* _Task directions_
The expected copy holds every entry exactly and none of the pictures.

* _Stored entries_
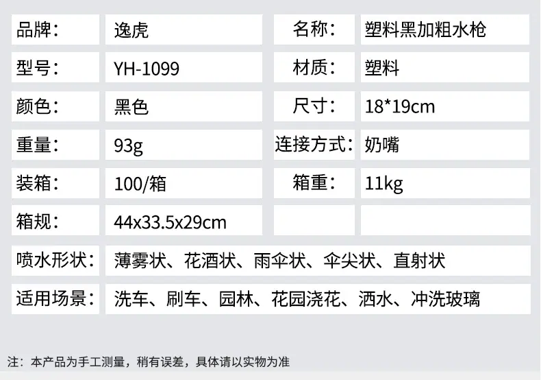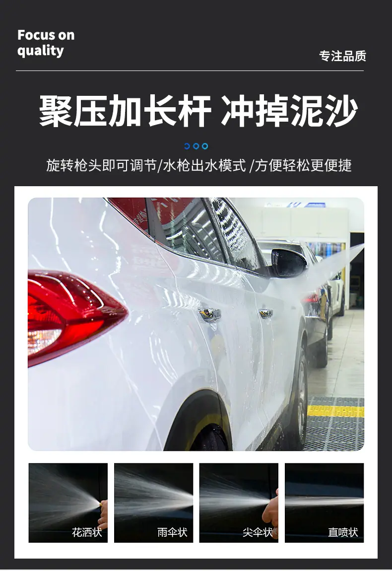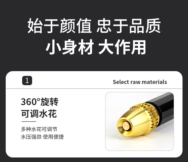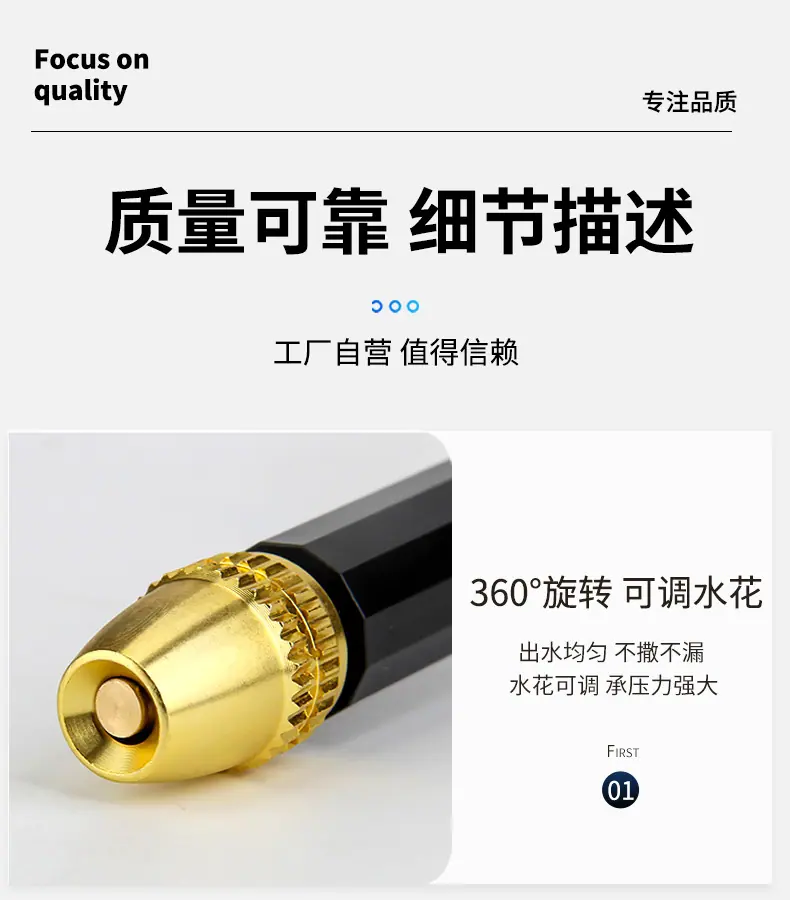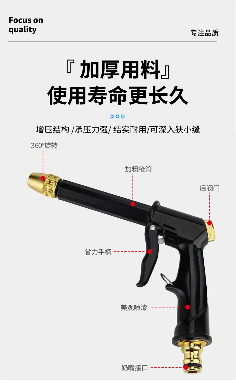 Suministro de fábrica, pistola de agua de lavado de autos de plástico negro con varilla en negrita, herramienta de limpieza de riego para el hogar, boquilla chapada en cobre
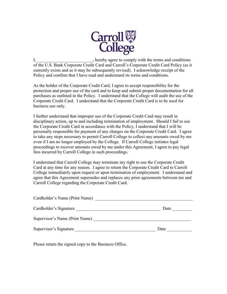 Printable Employee Credit Card Agreement Template
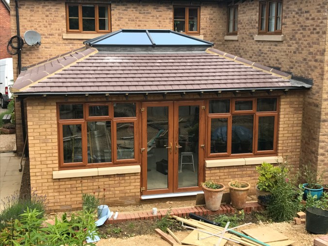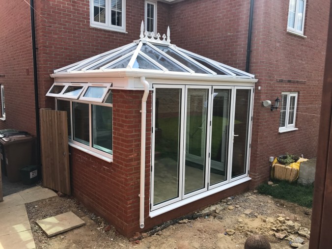Conservatory with bi-fold doors & box gutter
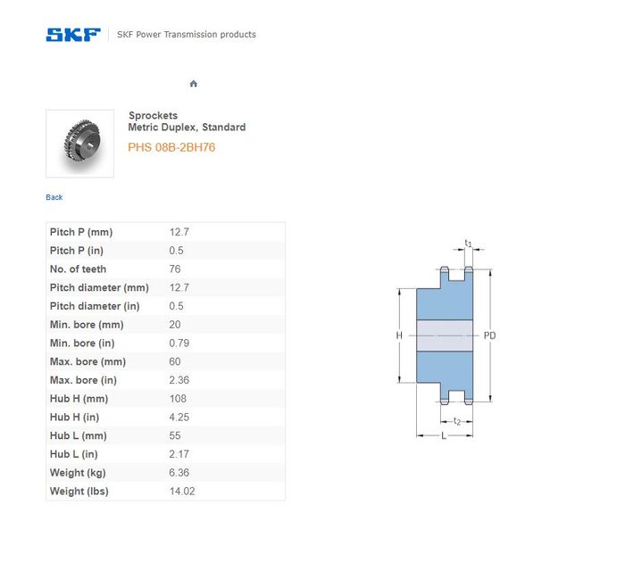 - SKF - 06B2 (3/8) SPROCKET 76 TEETH 2 ROW
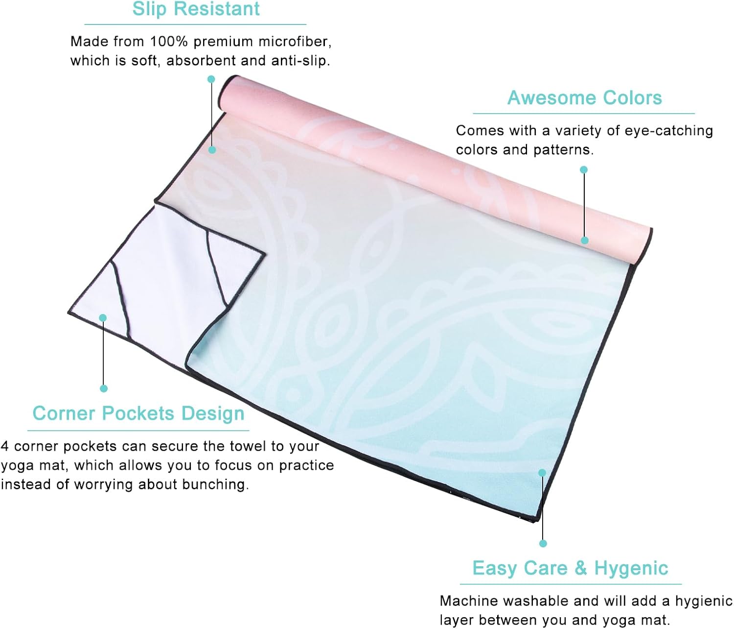 - Corner Pockets Design: Features 4 corner pockets on the backside, the non slip yoga mat towel helps secure and hold onto the mat firmly. This allows you to focus your mind, body and breath on the yoga practice, without worrying about bunching.
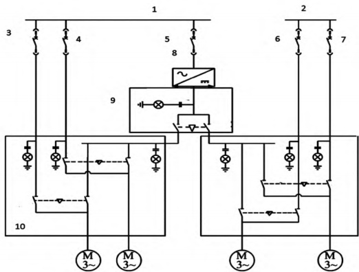 在上图中,1、2 分别为Ⅰ段母线与Ⅱ段母线,两段母线均为 6kV;3~7 为主通风机的风量调节开关;8 为变频器;9、10 为切换柜。
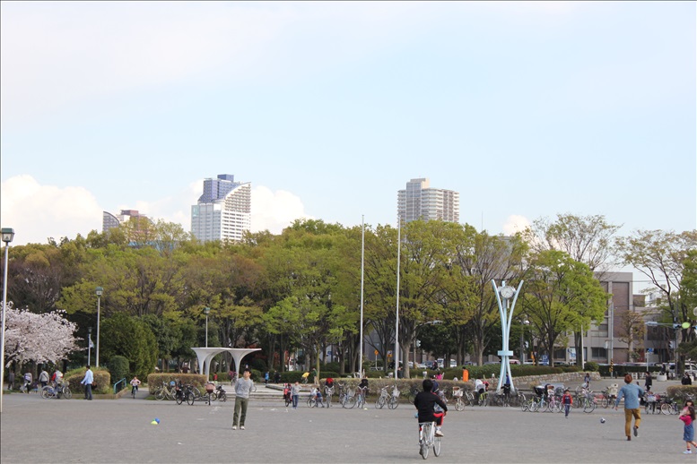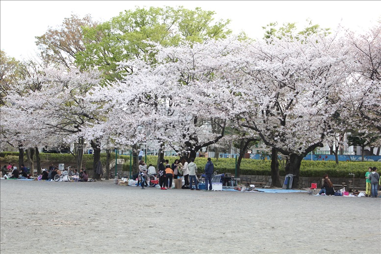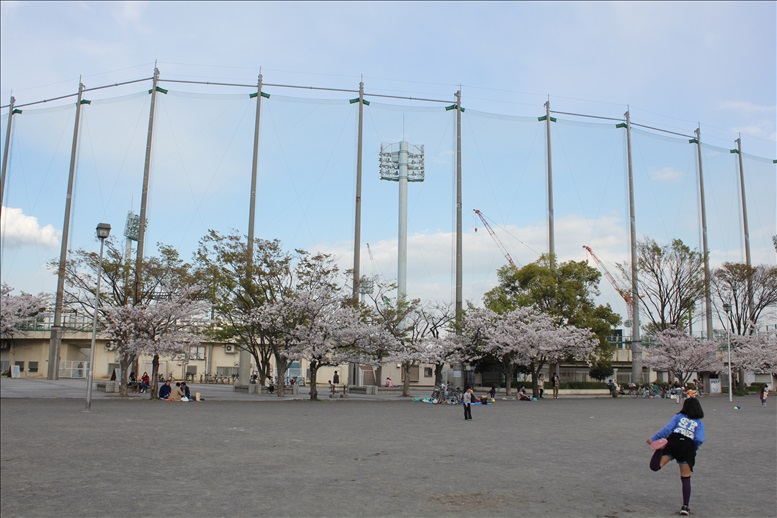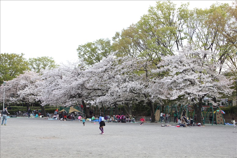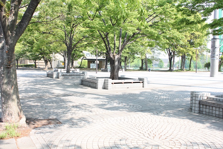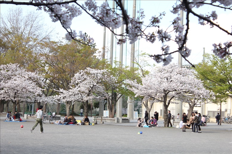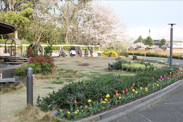 催し物広場のグランドの周りには桜並木があり、シーズン中は花見に多くの人が訪れます。
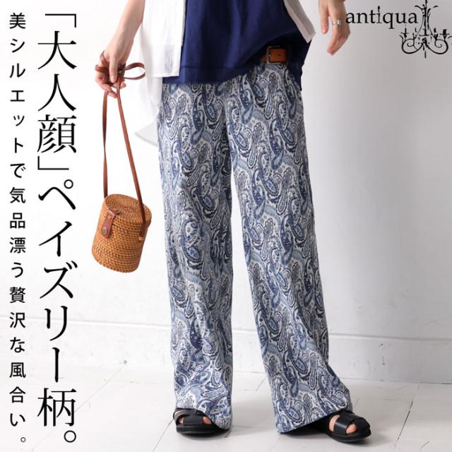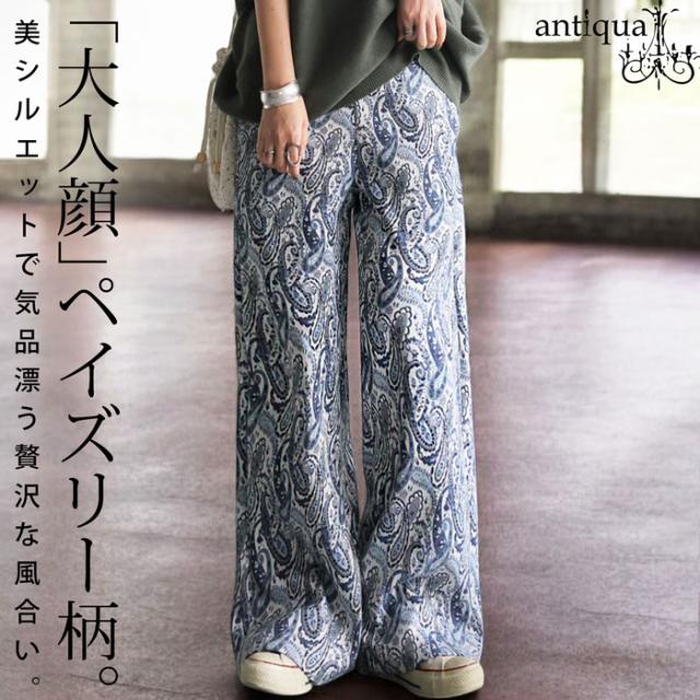 【検索ワード】ペイズリー柄パンツ パンツ レディース ボトムス 柄パンツ 柄 ロング ゆったり ワイド ワイドシルエット ペイズリー ストレート 総柄 落ち感 長ズボン ポケット付き ウエストゴム 前フラット 後ろゴム 綿 コットン 綿混 美脚 脚長 すっきり リラックス 体型カバー 細見え 着痩せ 大きめ 大きいサイズ ブルー 青 サイズ展開 Regular Plus ユニセックス antiqua treecafe アンティカ ツリーカフェ 大人 おしゃれ 10代 20代 30代 40代 50代 60代 春 秋 冬 お洒落 カジュアル かわいい かっこいい あんてぃか
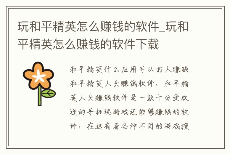 玩和平精英怎么賺錢的軟件_玩和平精英怎么賺錢的軟件下載
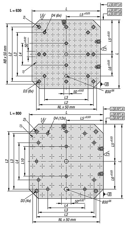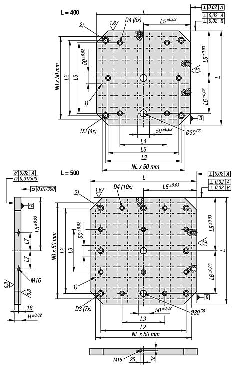 产品说明材料:GJL 300.规格:支撑面和夹紧面经打磨处理。提示:栅格间距 50 ±0.02 mm。
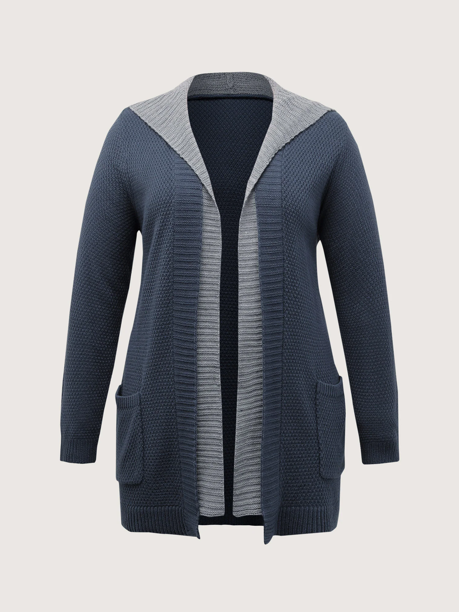 Textured Color Contrast Hooded Pocket Knit Cardigan
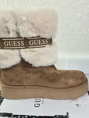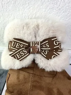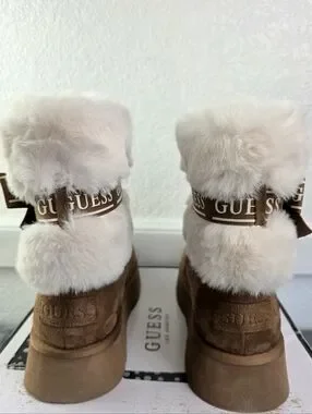 Guess Denla Booties Furry Suede On Platform Soles, Logo Bow & Pin
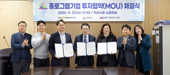 홀로그램 선도도시 익산시가 독보적 기술을 가진 국내 기업 '홀로그래미카'와 손을 맞잡았다.익산시는 27일 시장실에서 정헌율 익산시장을 비롯해 박창준 홀로그래미카 대표, 김수영 홀로그램콘텐츠서비스센터장 등 관계자들이 참석한 가운데 투자협약을 체결했다.협약에 따라 홀로그래
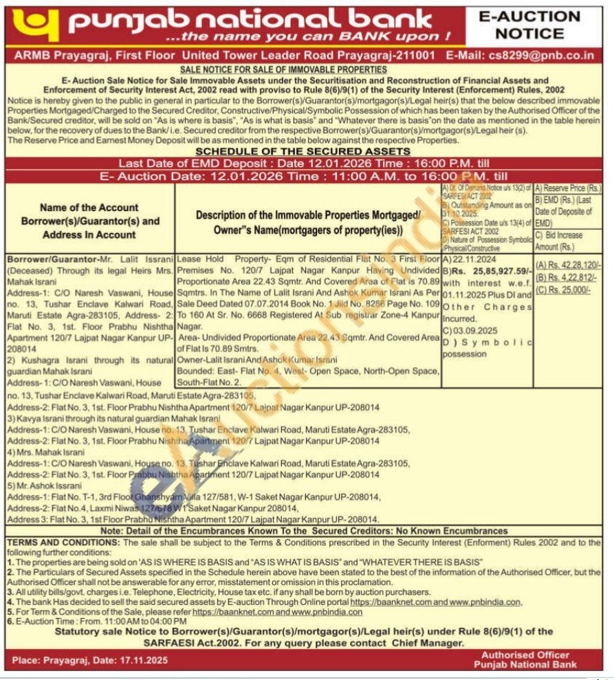 Lease Hold Property- Eqm of Residential Flat No. 3 First Floor Premises No. 120/7 Lajpat Nagar Kanpur Having Undivided Proportionate Area 22.43 Sqmtr. And Covered Area of Flat Is 70.89 Sqmtrs. In The Name of Lalit Israni And Ashok Kumar Israni As Per Sale Deed Dated 07.07.2014 Book No. 1 Jild No. 8286 Page No. 109 To 160 At Sr. No. 6668 Registered At Sub registrar Zone-4 Kanpur Nagar. Area- Undivided Proportionate Area 22.43 Sqmtr. And Covered Area of Flat Is 70.89 Smtrs. Owner-Lalit Israni And Ashok Kumar Israni Bounded: East- Flat No. 4, West- Open Space, North-Open Space, South-Flat No. 2.
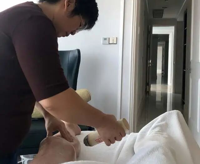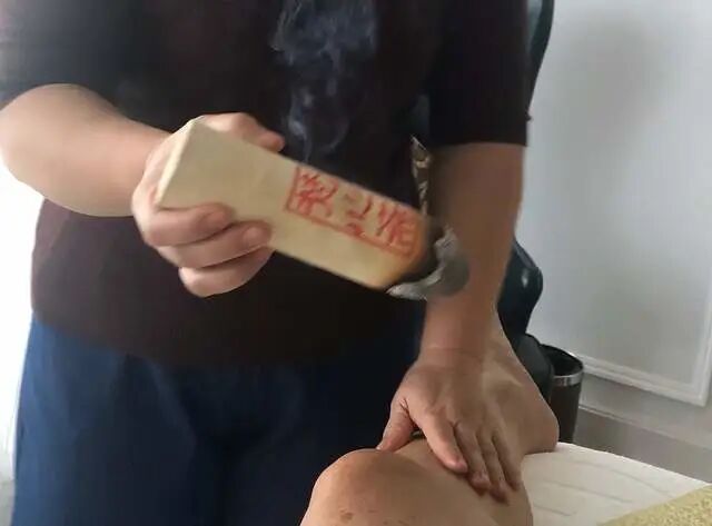 虽然谭咏麟没有描述出艾灸时的感觉,但是从他做艾灸的几张照片,还是可以找到一些蛛丝马迹,比如艾灸师用力按压他的腿部,然后用艾灸近距离烟熏。

* _Task result_
 Suministro de fábrica, pistola de agua de lavado de autos de plástico negro con varilla en negrita, herramienta de limpieza de riego para el hogar, boquilla chapada en cobre
 Printable Employee Credit Card Agreement Template
Conservatory with bi-fold doors & box gutter
 - SKF - 06B2 (3/8) SPROCKET 76 TEETH 2 ROW
 - Corner Pockets Design: Features 4 corner pockets on the backside, the non slip yoga mat towel helps secure and hold onto the mat firmly. This allows you to focus your mind, body and breath on the yoga practice, without worrying about bunching.
 在上图中,1、2 分别为Ⅰ段母线与Ⅱ段母线,两段母线均为 6kV;3~7 为主通风机的风量调节开关;8 为变频器;9、10 为切换柜。
 催し物広場のグランドの周りには桜並木があり、シーズン中は花見に多くの人が訪れます。
 【検索ワード】ペイズリー柄パンツ パンツ レディース ボトムス 柄パンツ 柄 ロング ゆったり ワイド ワイドシルエット ペイズリー ストレート 総柄 落ち感 長ズボン ポケット付き ウエストゴム 前フラット 後ろゴム 綿 コットン 綿混 美脚 脚長 すっきり リラックス 体型カバー 細見え 着痩せ 大きめ 大きいサイズ ブルー 青 サイズ展開 Regular Plus ユニセックス antiqua treecafe アンティカ ツリーカフェ 大人 おしゃれ 10代 20代 30代 40代 50代 60代 春 秋 冬 お洒落 カジュアル かわいい かっこいい あんてぃか
 玩和平精英怎么賺錢的軟件_玩和平精英怎么賺錢的軟件下載
 产品说明材料:GJL 300.规格:支撑面和夹紧面经打磨处理。提示:栅格间距 50 ±0.02 mm。
 Textured Color Contrast Hooded Pocket Knit Cardigan
 Guess Denla Booties Furry Suede On Platform Soles, Logo Bow & Pin
 홀로그램 선도도시 익산시가 독보적 기술을 가진 국내 기업 '홀로그래미카'와 손을 맞잡았다.익산시는 27일 시장실에서 정헌율 익산시장을 비롯해 박창준 홀로그래미카 대표, 김수영 홀로그램콘텐츠서비스센터장 등 관계자들이 참석한 가운데 투자협약을 체결했다.협약에 따라 홀로그래
 Lease Hold Property- Eqm of Residential Flat No. 3 First Floor Premises No. 120/7 Lajpat Nagar Kanpur Having Undivided Proportionate Area 22.43 Sqmtr. And Covered Area of Flat Is 70.89 Sqmtrs. In The Name of Lalit Israni And Ashok Kumar Israni As Per Sale Deed Dated 07.07.2014 Book No. 1 Jild No. 8286 Page No. 109 To 160 At Sr. No. 6668 Registered At Sub registrar Zone-4 Kanpur Nagar. Area- Undivided Proportionate Area 22.43 Sqmtr. And Covered Area of Flat Is 70.89 Smtrs. Owner-Lalit Israni And Ashok Kumar Israni Bounded: East- Flat No. 4, West- Open Space, North-Open Space, South-Flat No. 2.
 虽然谭咏麟没有描述出艾灸时的感觉,但是从他做艾灸的几张照片,还是可以找到一些蛛丝马迹,比如艾灸师用力按压他的腿部,然后用艾灸近距离烟熏。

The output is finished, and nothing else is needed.